RECORDED INFORMATION:
□ □ □ □ □ □ □

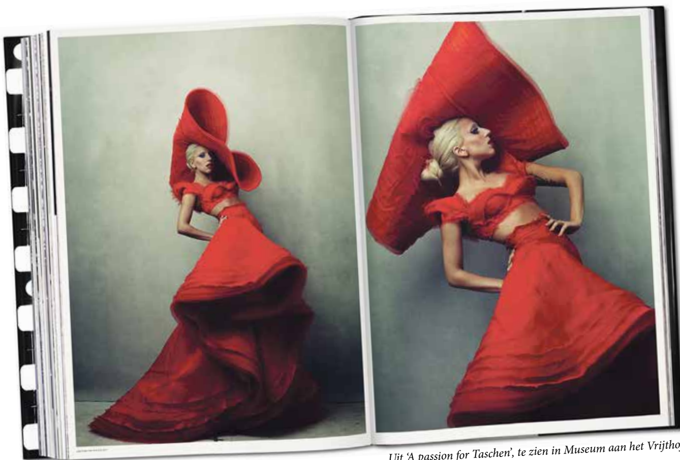
Uit 'A passion for Taschen', te zien in Museum aan het Vrijthof

Van de glijbaan in het Bonnefantenmuseum, playbacken als Elvis of dansen op nachtelijke natuurgeluiden. Het kan allemaal tijdens de Maastrichtse Museumnacht op vrijdag 7 april. Dertien kunstinstellingen openen hun deuren gedurende de avond. Na 1.00 uur kunnen de bezoekers naar de Muziekgieterij voor de afterparty. "Het is een kans om Maastricht beter te leren kennen, te ontdekken wat hier allemaal te doen is. En om te laten zien dat musea geen saaie stille
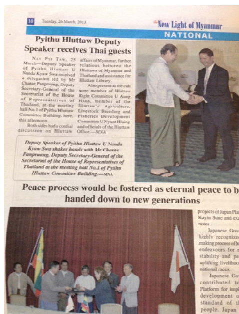
หนังสือพิมพ์ The Light of Myanmar นำเสนอข่าวคณะฯ เข้าเยี่ยมคารวะรองประธานสภาผู้แทนราษฎรเมียนมาร์

□ □ □ □ □ □ □

TASK GOAL:
The whole listing above needs to be copied exactly; please keep the pictures out.

THE ANSWER:
Uit 'A passion for Taschen', te zien in Museum aan het Vrijthof

Van de glijbaan in het Bonnefantenmuseum, playbacken als Elvis of dansen op nachtelijke natuurgeluiden. Het kan allemaal tijdens de Maastrichtse Museumnacht op vrijdag 7 april. Dertien kunstinstellingen openen hun deuren gedurende de avond. Na 1.00 uur kunnen de bezoekers naar de Muziekgieterij voor de afterparty. "Het is een kans om Maastricht beter te leren kennen, te ontdekken wat hier allemaal te doen is. En om te laten zien dat musea geen saaie stille
หนังสือพิมพ์ The Light of Myanmar นำเสนอข่าวคณะฯ เข้าเยี่ยมคารวะรองประธานสภาผู้แทนราษฎรเมียนมาร์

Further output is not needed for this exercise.